-- Problem to solve --
Starting with the line that has "Le fil dentaire" in the records below and stopping after the line that has "The store owner", output every line exactly and nothing else; skip pictures.

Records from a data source
↓

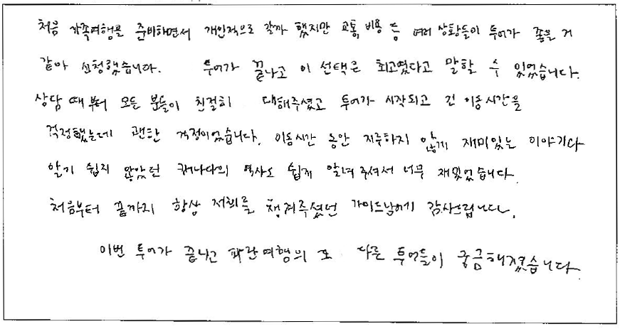 처음 가족여행을 준비하면서 개인적으로 갈까 했지만 교통, 비용 등 여러 상황들이 투어가 좋을 것 같아 신청했습니다. 이 선택은 최고였습니다. 모든 분들이 친절하셨고 이동 시간 동안 지루하지 않고 재밌었습니다.
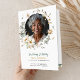 This elegant floral celebration of life program blends timeless design with heartfelt personalization to create a meaningful printed keepsake for memorial services. The front features a circular photo frame surrounded by soft watercolor florals in muted tones of white, blush, green, and gold, with customizable name and date fields beneath the editable phrase “In Loving Memory.” Inside, a clean layout provides organized sections for the order of service, obituary or life overview, and acknowledgments on the back, all beautifully accented with matching floral illustrations along the bottom edge. Designed for clarity and emotional resonance, this funeral program offers space for personalized headings, thoughtful tributes, and messages of gratitude. Perfect for traditional funerals, memorial services, or celebration of life events, this printed program serves as both a service guide and cherished memento for family and guests. Its soft, botanical design and structured layout bring comfort, warmth, and lasting tribute to the memory of a loved one.
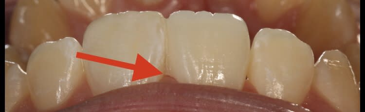 Le fil dentaire est passé entre 11 et 12 puis glissé sous le pontique pour rejoindre aisément l’espace inter dentaire 11/21. La céramique Parfaitement polie est très facile à nettoyer et autorise un état gingival parfaitement sain.
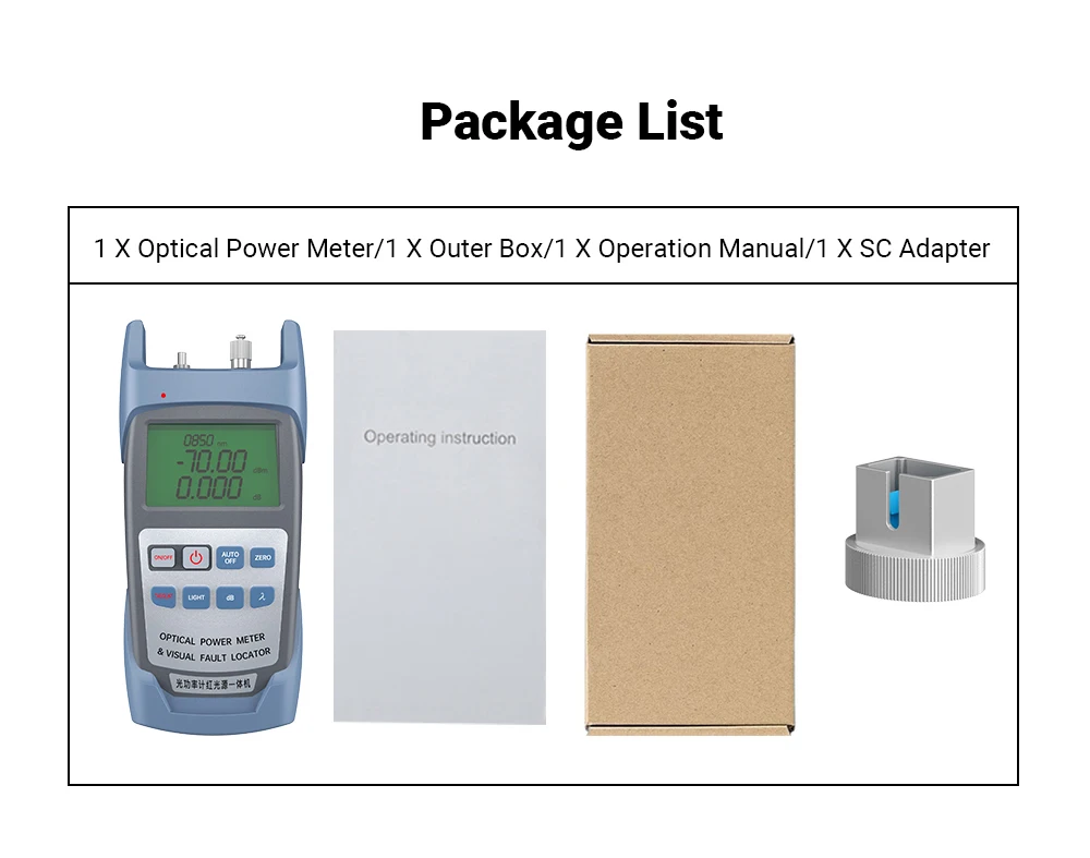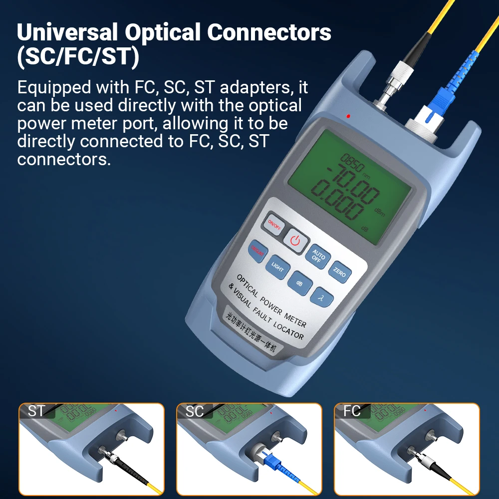 Equipado con adaptadores FC, SC y ST, se puede utilizar directamente con el puerto del medidor de potencia óptico, lo que permite conectarlo directamente a conectores FC, SC y ST.
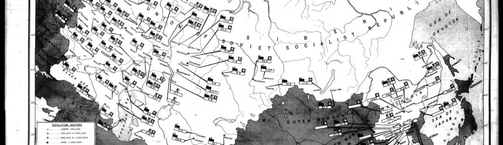 Citation 1: “A Strategic Chart of Certain Russian and Manchurian Urban Areas [Project No. 2532],” (30 August 1945), Correspondence (“Top Secret”) of the Manhattan Engineer District, 1942-1946, microfilm publication M1109 (Washington, D.C.: National Archives and Records Administration, 1980), Roll 1, Target 4, Folder 3, “Stockpile, Storage, and Military Characteristics.” The microfilm image I had of this came in two frames, a top and a bottom, and I pasted them together in Photoshop. This took a little bit of warping of the bottom image in odd ways (using Photoshop’s crazy “Puppet Warp” tool) because it didn’t quite line up with the top one due to folds in the paper and things like that. So there is a tiny bit of manipulation here, though none of it affects the content.
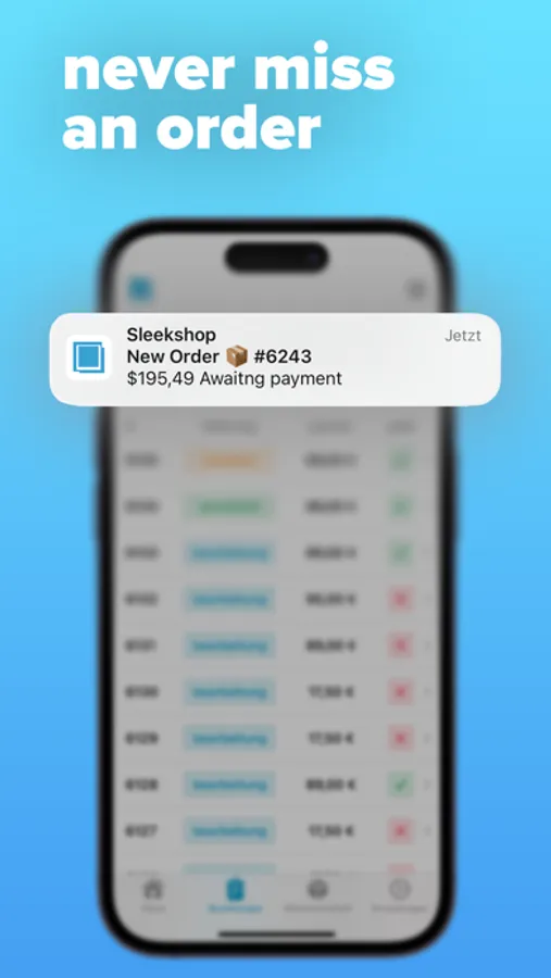The store owner is informed about incoming orders and other changes via various push messages.
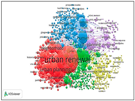 Research on theory and methodologies shows various approaches that are more likely to address the issues and result in more informed discussions. However, some methods have gaps or are insufficient regarding the correct integration of sustainable development into urban renewal. For example, cities’ growth problems include social disintegration, economic recession, environmental pollution, and urban function deterioration [3]. This study is a continuation of sustainable urban renewal research, and aims to provide a vision of scientific research progress since 2000 by analyzing the literature on sustainable urban renewal using library indicators. The h-index and the impact factor were used to assess the most productive journals and classify them according to the most cited authors and their country/institution. According to their countries and the most frequently cited articles, the different authors’ interactions were analyzed using social networks (VOSviewer). Then, specified in detail research topics using bibliometrics relating to the theme of urban renewal and sustainable development, namely:
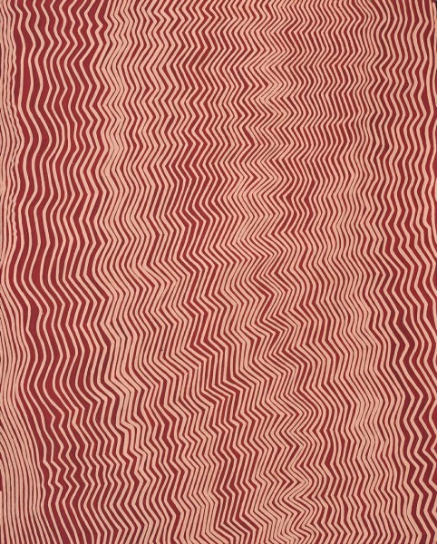 This painting is accompanied by a certificate of authenticity from Papunya Tula Artists Pty Ltd, Alice Springs which reads in part, 'This painting depicts designs associated with Kirritjinna, a rockhole site north of Jupiter Well. In mythological times a large group of Tingari Men camped at this site before travelling through Naru and Kiwirrkura to Wilkinkarra (Lake Mackay). The lines in this work represent the sandhills in the area through which they travelled. During their travels the senior men were instructing the younger ones in the group.'
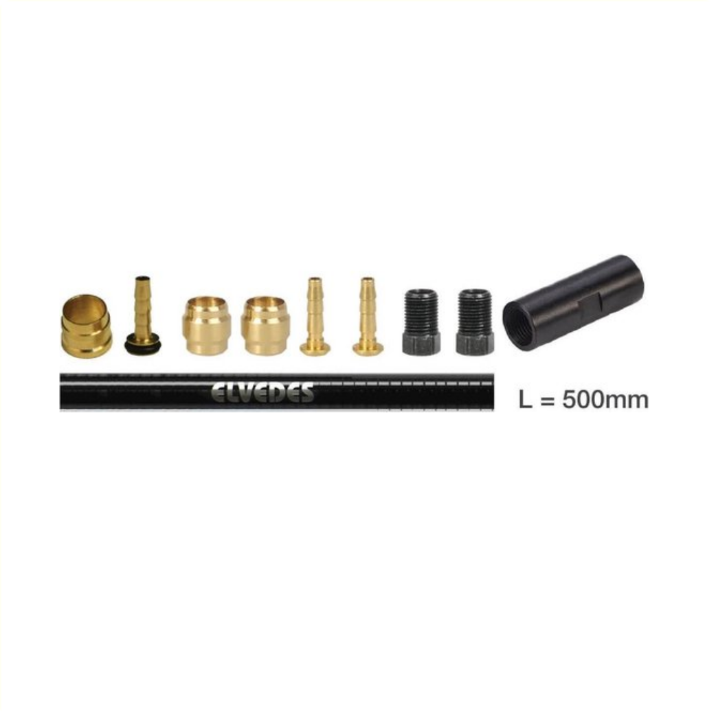 Elvedes kit om de hydraulische leiding met 50cm te verlengen. • alleen te gebruiken icm de originele Tektro remleidingen

↑

-- Final answer --
 Le fil dentaire est passé entre 11 et 12 puis glissé sous le pontique pour rejoindre aisément l’espace inter dentaire 11/21. La céramique Parfaitement polie est très facile à nettoyer et autorise un état gingival parfaitement sain.
 Equipado con adaptadores FC, SC y ST, se puede utilizar directamente con el puerto del medidor de potencia óptico, lo que permite conectarlo directamente a conectores FC, SC y ST.
 Citation 1: “A Strategic Chart of Certain Russian and Manchurian Urban Areas [Project No. 2532],” (30 August 1945), Correspondence (“Top Secret”) of the Manhattan Engineer District, 1942-1946, microfilm publication M1109 (Washington, D.C.: National Archives and Records Administration, 1980), Roll 1, Target 4, Folder 3, “Stockpile, Storage, and Military Characteristics.” The microfilm image I had of this came in two frames, a top and a bottom, and I pasted them together in Photoshop. This took a little bit of warping of the bottom image in odd ways (using Photoshop’s crazy “Puppet Warp” tool) because it didn’t quite line up with the top one due to folds in the paper and things like that. So there is a tiny bit of manipulation here, though none of it affects the content.
The store owner is informed about incoming orders and other changes via various push messages.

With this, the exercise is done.